I've heard many foreign people want to know how to use online banking service in daegu, so I prepared the guideline for using online banking from Daegu Bank which is the most popular and widely used bank in Daegu. And also, I recommend you to use Daegu bank because it provides english online banking service for international people. (This article maybe helpful for those who want to use other banks as well.)

Before you start to use online banking service, you should visit the bank in person to register. If you don't have any bank account at Daegu bank yet, of course you should open one first. To open a new bank account, you need to bring your alien card and a stamp.(If you don't have a stamp, you can just write your signature).

* I recommend you to visit Daegu Bank Seongseo branch located near Seongseo-Industrial-Complex station (subway line number2). Some tellers working there can speak Indonesian, Chinese, and English because it is located near industrial complex where there are many foreigner workers. The address of the bank is below.

Daegu Bank Seongseo Branch
892-3 Igok-dong  Dalseo-gu, Daegu, South Korea
053-583-1351

You will need to make an ID and Passwords and after then, you will receive a secret card from the teller. You should remember the ID and passwords for registration and you should keep the secret card. You should know the numbers on the card whenever you use internet banking service. 

I am sure that the teller will kindly explain to you how to register and how to issue a public key certificate,  so I will just briefly explain here. Actually, once you issue a public key certificate, it wouldn't be difficult after then. 

Public key certificate is essential certificate for using internet banking and once you issue the certificate from any bank, you  can use it for all other online banking services, though you should register online banking services at each bank.








Guideline for Online Banking Service 
from Daegu Bank


If you are done understanding basic information of using internet banking service, let's open the Daegu Bank webpage. (http://www.dgb.co.kr/eng/main.jsp)

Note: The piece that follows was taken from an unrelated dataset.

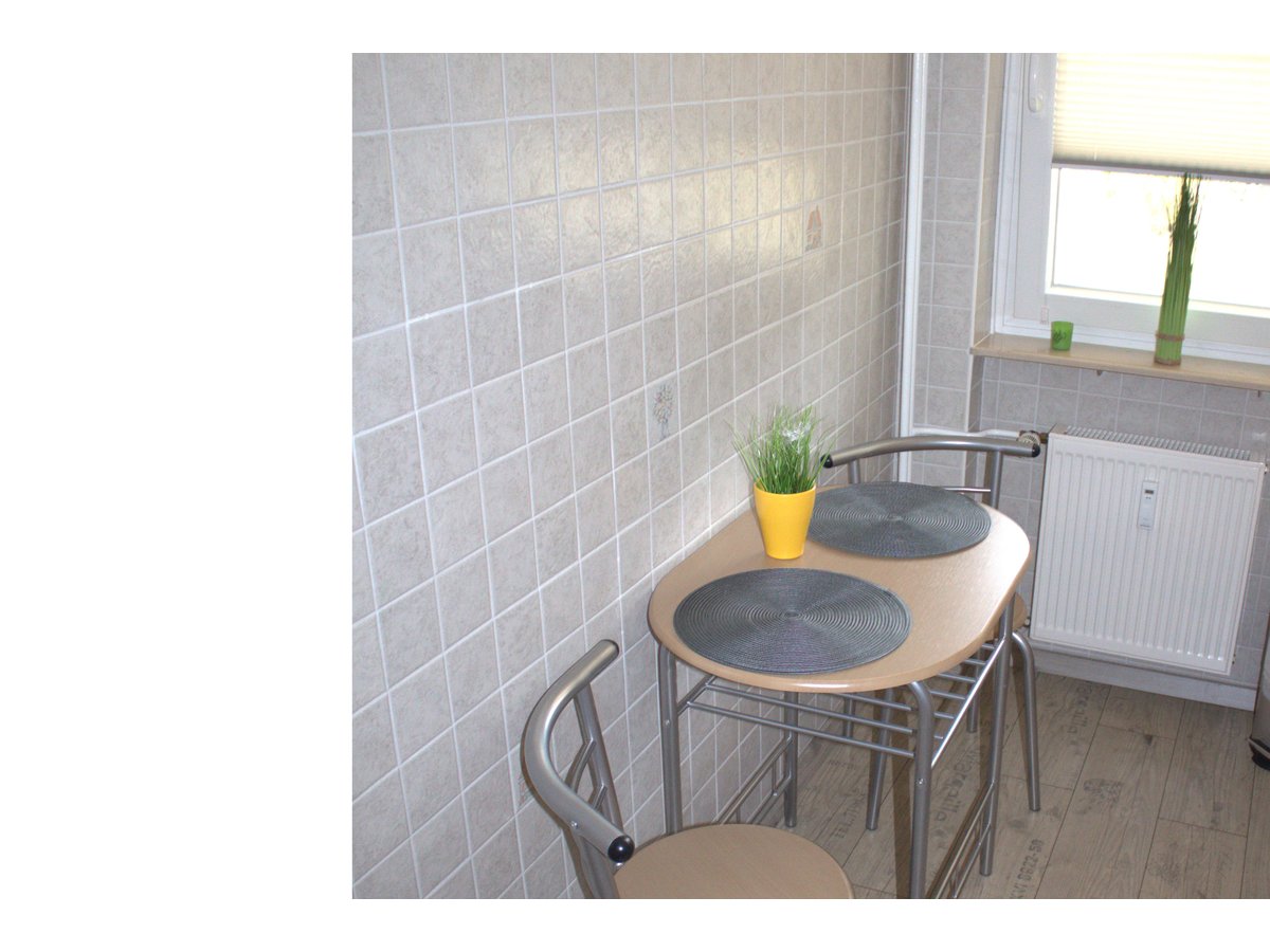 Sie wohnen in einer modernen und liebevoll eingerichteten Ferienwohnung im Erdgeschoß mit Holzterrasse. Sie erwartet ein freundlich gestalteter Wohnraum mit einem bequemen Ecksofa, einem großen Flachbildfernseher, DVD-Player sowie eine kleine Musikanlage mit Radio und CD-Player sind vorhanden. Der Essplatz bietet zwei Personen Platz.

Click the internet banking service tap.



And then you will see this page. This means that you have to install keyboard security program first. Click the [설치(I)] button.




You would see many pop-up windows while you are installing the keyboard security program. You should click 예(Y) and Yes[허용(A)] for all pop up windows.

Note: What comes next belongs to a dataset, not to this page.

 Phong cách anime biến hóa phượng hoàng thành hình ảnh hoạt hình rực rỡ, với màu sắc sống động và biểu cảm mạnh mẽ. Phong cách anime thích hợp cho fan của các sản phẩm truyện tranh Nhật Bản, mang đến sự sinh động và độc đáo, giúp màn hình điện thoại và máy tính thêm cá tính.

When the installation is finished, you would see this pop-up window. This pop-up window is for logging in the internet banking. However, you should issue a public key certificate first. After you issue the public key certificate, you will see the certificate appearing in the white blank space. So, let's just close this pop-up window for issuing the public key certificate for now.



Click the [Certificate Center] button with a lock icon on the left side of the page. You can also click the small [>certificate] button under the Certificate Log-In button.



Click the [For retail customer] button if it's your first time issuing the certificate.



Agree with the therms and conditions to proceed. 



From here, you just need to follow the direction. 



Let's see if you successfully issued the certificate. Choose the service that you want to use and click it. (Statements, Transfer, or My accounts.) I clicked [Transfer] for your understanding.



After clicking the [Transfer] button, you will see the same pop-up window when you finished installing the program, but this time, you will see your certificate information in the blank white space. This means that you successfully issued the certificate and you can use the internet banking from now on. Now, enter your password to log in.



Now I see the transfer steps. You will  have no problem using it after this, since they are all written in English. All you need to do is enjoying the convenient Internet banking service!